Add multiprocess dataset packing #2180

bratao opened this issue Dec 19, 2024 · 21 comments
Assignees
Labels
enhancement New feature or request triaged This issue has been assigned an owner and appropriate label

Comments

@bratao
Copy link

bratao commented Dec 19, 2024

Hello,

I have a custom JSONL dataset with 4 million examples. In Axolotl, I am able to load this with packing on a 64-core machine in 10 minutes, as it uses all cores. It also caches the dataset packing and is super handy.

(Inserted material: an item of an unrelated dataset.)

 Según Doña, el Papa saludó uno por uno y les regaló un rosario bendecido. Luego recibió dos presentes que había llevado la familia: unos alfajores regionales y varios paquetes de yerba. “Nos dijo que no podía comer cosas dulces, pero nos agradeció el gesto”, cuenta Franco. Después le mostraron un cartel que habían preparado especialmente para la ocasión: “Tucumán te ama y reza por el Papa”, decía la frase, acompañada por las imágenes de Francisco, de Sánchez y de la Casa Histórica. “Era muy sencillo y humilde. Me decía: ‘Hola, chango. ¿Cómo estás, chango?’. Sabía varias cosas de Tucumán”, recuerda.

The same dataset in torchtune takes 6 hours if packing is enabled. Apparently, it uses only one core.

Is there any way to accelerate this?

@joecummings joecummings added the triaged This issue has been assigned an owner and appropriate label label Dec 19, 2024
@joecummings joecummings self-assigned this Dec 19, 2024
@joecummings
Copy link
Contributor

This is a great suggestion! Let me look into how we could add this into the library.

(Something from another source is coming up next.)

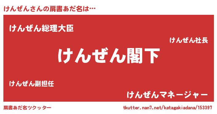 | 意味不明あだ名 | 『自称けんぜん』『けんぜんフォーエバー』 |

Caching is something that we may need to think a little more about so we don't accidentally take up too much of our users memory, but we should definitely be able to utilize more cores to pack.

@joecummings
Copy link
Contributor

It looks like Axolotl makes use of the map and filter functions on the Hugging Face Dataset abstraction, which is pretty neat. That way they can just set a default num_processes to use and find a potentially cached dataset. I'll look into if this is feasible for torchtune to do or if we might have to roll our own solution based on that.

@joecummings joecummings added the enhancement New feature or request label Dec 19, 2024
@ebsmothers
Copy link
Contributor

cc @andrewkho

@andrewkho
Copy link
Contributor

@bratao what's the command you're using to run this with tune? it'd be interesting to see how we can improve on the baseline using torchdata

@bratao
Copy link
Author

bratao commented Dec 19, 2024

@andrewkho
This is my config ( I used this torchdata dataloader but there is no difference for me in the main branch. It is using only 1 cpu core)

dataset:
  _component_: torchtune.datasets.chat_dataset
  source: json
  data_files: llama_finetune_train_modelo_unico_v1.jsonl
  split: train
  conversation_column: conversations
  conversation_style: sharegpt
  packed: True  # True increases speed
seed: null
shuffle: True
use_torchdata: true
dataloader:
  parallel_method: thread
  num_workers: 8
  packed: True

The run command is tune run full_finetune_single_device --config 32B_full_single_device_mi300.yaml. This config is based on qwen2.5-7b with the 32B model.

@andrewkho
Copy link
Contributor

andrewkho commented Dec 19, 2024

Thanks @bratao ! What version of python are you using? Are you able to share the jsonl file or some mangled version of it? Have you tried using parallel_method: "process"? Threads may be GIL bound so processes are probably better, but it's probably easiest if I try to run this myself.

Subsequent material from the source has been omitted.